| DATA FOR THIS EXERCISE |
------------------------------------------------
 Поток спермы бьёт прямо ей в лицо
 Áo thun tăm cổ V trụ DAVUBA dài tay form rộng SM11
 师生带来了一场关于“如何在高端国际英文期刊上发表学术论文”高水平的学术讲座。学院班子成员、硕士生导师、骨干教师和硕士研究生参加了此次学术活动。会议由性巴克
------------------------------------------------
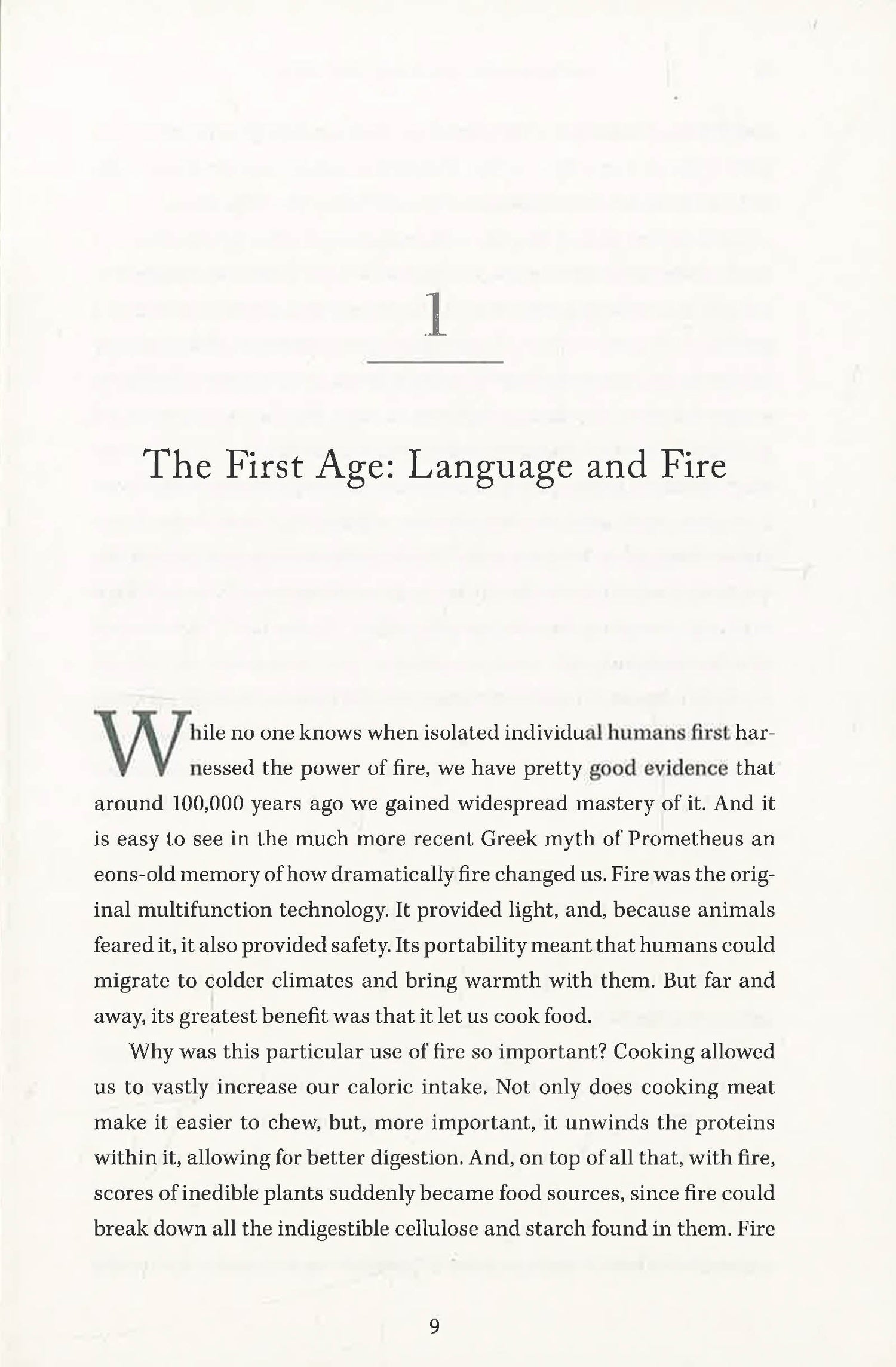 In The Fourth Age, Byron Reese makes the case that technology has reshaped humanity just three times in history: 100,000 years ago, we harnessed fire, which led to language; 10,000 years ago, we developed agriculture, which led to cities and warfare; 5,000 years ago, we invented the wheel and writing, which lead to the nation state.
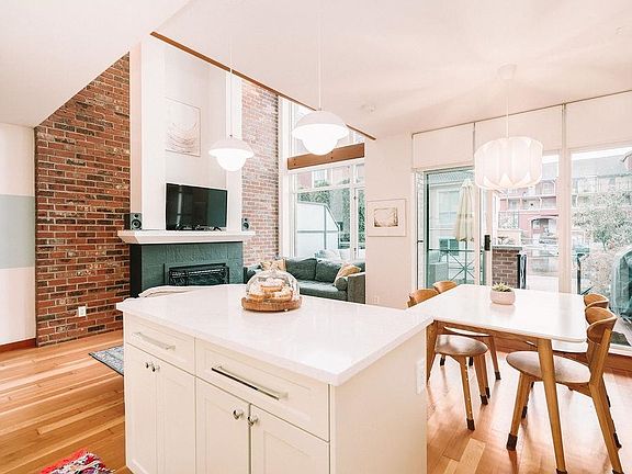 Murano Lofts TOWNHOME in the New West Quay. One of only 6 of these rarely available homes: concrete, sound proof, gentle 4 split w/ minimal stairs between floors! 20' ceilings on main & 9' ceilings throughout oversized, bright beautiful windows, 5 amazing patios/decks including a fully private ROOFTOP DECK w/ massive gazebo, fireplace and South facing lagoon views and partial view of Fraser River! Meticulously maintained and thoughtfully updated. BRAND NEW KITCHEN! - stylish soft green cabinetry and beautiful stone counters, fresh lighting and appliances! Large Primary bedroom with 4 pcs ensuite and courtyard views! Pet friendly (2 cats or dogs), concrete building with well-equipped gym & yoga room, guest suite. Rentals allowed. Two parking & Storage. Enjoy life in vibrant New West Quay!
------------------------------------------------
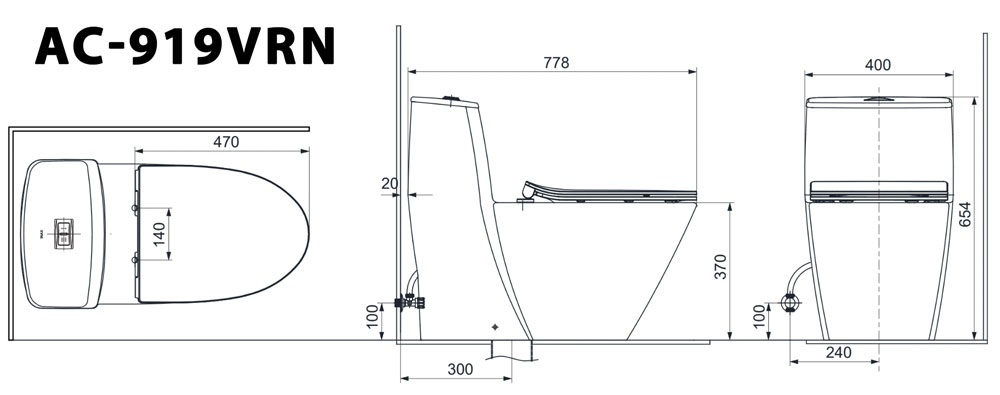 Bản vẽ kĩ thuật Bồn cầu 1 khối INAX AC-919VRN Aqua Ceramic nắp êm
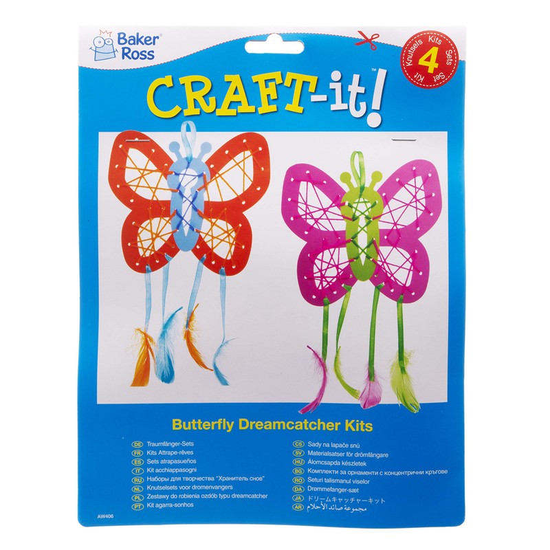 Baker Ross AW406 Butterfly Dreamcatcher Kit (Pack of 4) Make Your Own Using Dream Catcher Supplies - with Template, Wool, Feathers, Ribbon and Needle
------------------------------------------------
| PROBLEM STATEMENT |
Go to the line above that contains "Bản vẽ kĩ thuật" and reproduce everything exactly from there through the line that contains "Baker Ross AW406", leaving out the pictures.

| EXERCISE RESULT |
 Bản vẽ kĩ thuật Bồn cầu 1 khối INAX AC-919VRN Aqua Ceramic nắp êm
 Baker Ross AW406 Butterfly Dreamcatcher Kit (Pack of 4) Make Your Own Using Dream Catcher Supplies - with Template, Wool, Feathers, Ribbon and Needle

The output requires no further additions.